Steven M. Wise (December 19, 1950 – February 15, 2024) was an American lawyer and legal scholar who specialized in animal rights, primatology, and animal intelligence. He taught animal rights law at Harvard Law School, Vermont Law School, John Marshall Law School, Lewis & Clark Law School, Tufts University School of Veterinary Medicine, and at the Master’s in Animal Law and Society of the Autonomous University of Barcelona. He was a former president of the Animal Legal Defense Fund and founder and president of the Nonhuman Rights Project. The Yale Law Journal had called him "one of the pistons of the animal rights movement."
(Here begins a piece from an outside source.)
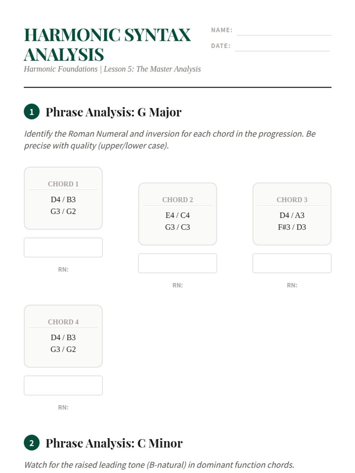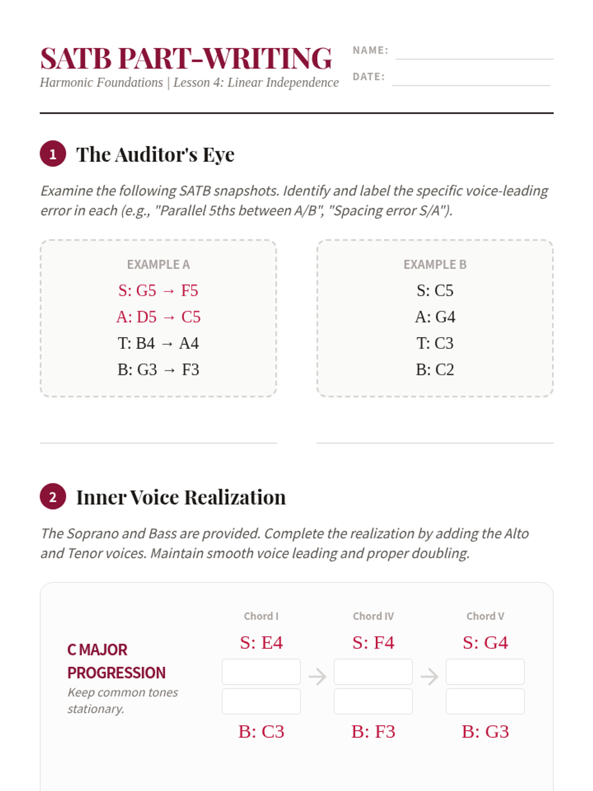 A comprehensive graduate-level bridge between basic music fundamentals and advanced harmonic theory, focusing on the construction of triads and seventh chords, figured bass realization, and the rigorous principles of SATB voice leading.

Wise was the author of An American Trilogy (2009), which tells the story of how a piece of land in Tar Heel, North Carolina, was first the home of Native Americans until they were driven into near-extinction, then a slave plantation, and finally the site of factory hog farms and the world's largest slaughterhouse. His book, Though the Heavens May Fall (2005), recounts the 1772 trial in England of James Somersett, a black man rescued from a ship heading for the West Indies slave markets, which gave impetus to the movement to abolish slavery in Britain and the United States (see Somersett's Case). He also wrote Drawing the Line (2002), which describes the relative intelligence of animals and human beings, and Rattling the Cage (2000), in which he argued that certain basic legal rights should be extended to chimpanzees and bonobos.
The documentary Unlocking the Cage (2016) follows Wise in parts of his struggle for chimpanzees.